Simplify: \(d^{4} \cdot d^{5} \cdot d^{2}\)
Solution
| \(d^{4} \cdot d^{5} \cdot d^{2}\) | |
| Add the exponents, since bases are the same. | \( d^ { \color{red}{4+5+2 }} \) |
| Simplify. | \( d^{11} \) |
Simplify: \(x^{6} \cdot x^{4} \cdot x^{8}\)
- Answer
-
\(x^{18}\)
Simplify: \(b^{5} \cdot b^{9} \cdot b^{5}\)
- Answer
-
\(b^{19}\)
Simplify Expressions Using the Power Property for Exponents
Now let’s look at an exponential expression that contains a power raised to a power. See if you can discover a general property.
| \( \qquad \qquad \left( x^{2} \right)^{3} \) | |
| What does this mean? How many factors altogether? |
 |
| So we have | \( \qquad \qquad x^6 \) |
| Notice that 6 is the product of the exponents, 2 and 3. | \( \left(x^{2}\right)^{3} \) is \( x^{2 \cdot 3 } \) or \( x^6 \) |
We write:
\[\begin{array}{c}{\left(x^{2}\right)^{3}} \\ {x^{2 \cdot 3}} \\ {x^{6}}\end{array}\]
We multiplied the exponents. This leads to the Power Property for Exponents.

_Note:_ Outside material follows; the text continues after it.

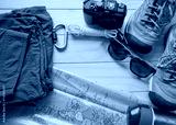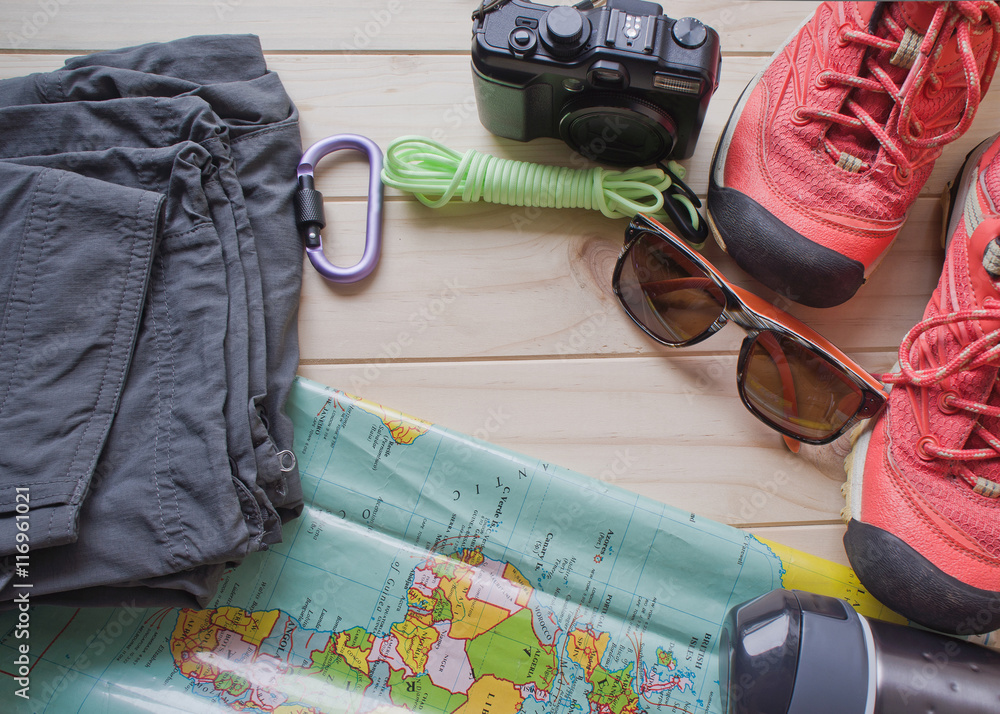 Top view of travel accessories for a mountain trip on old wooden background : hiking boots, pants, camera, bottle, rope, map, notebook and sunglasses.
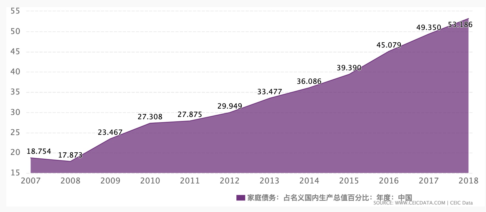 中国住户部门负债率2018

If \(a\) is a real number, and \(m\) and \(n\) are whole numbers, then
\[\left(a^{m}\right)^{n}=a^{m \cdot n}\]
To raise a power to a power, multiply the exponents.
An example with numbers helps to verify this property.
\[\begin{array} {lll} \left(3^{2}\right)^{3} &\stackrel{?}{=}&3^{2 \cdot 3} \\(9)^{3} &\stackrel{?}{=} & 3^{6} \\ 729 &=&729\checkmark \end{array}\]
Simplify:
- \(\left(y^{5}\right)^{9}\)
- \(\left(4^{4}\right)^{7}\)
Solution
a.
| \(\left(y^{5}\right)^{9}\) | |
| Use the power property, \(\big(a^m\big)^n = a^{m\cdot n}\). | \( y^ { \color{red}{5 \cdot 9 }} \) |
| Simplify. | \( y^{45} \) |
b.
| \(\left(4^{4}\right)^{7}\) | |
| Use the power property. | \( y^ { \color{red}{4 \cdot 7 }} \) |
| Simplify. | \( 4^{28} \) |
Simplify:
- \( \left(b^{7}\right)^{5} \)
- \(\left(5^{4}\right)^{3}\)
- Answer
-
- \( b^{35}\)
- \(5^{12}\)
Simplify:
- \(\left(z^{6}\right)^{9}\)
- \(\left(3^{7}\right)^{7}\)
- Answer
-
- \(z^{54}\)
- \(3^{49}\)
Simplify Expressions Using the Product to a Power Property
We will now look at an expression containing a product that is raised to a power. Can you find this pattern?
\(\begin{array}{ll}{\text { What does this mean? }} & {(2 x)^{3}} \\ {\text { We group the like factors together. }} & {2 x \cdot 2 x \cdot 2 x} \\ {\text { How many factors of } 2 \text { and of } x ?} & {2 \cdot2 \cdot 2 \cdot x^{3}} \\ {\text { Notice that each factor was raised to the power and }(2 x)^{3} \text { is } 2^{3} \cdot x^{3}}\end{array}\)
\(\begin{array}{ll}\text{We write:} & {(2 x)^{3}} \\ & {2^{3} \cdot x^{3}}\end{array}\)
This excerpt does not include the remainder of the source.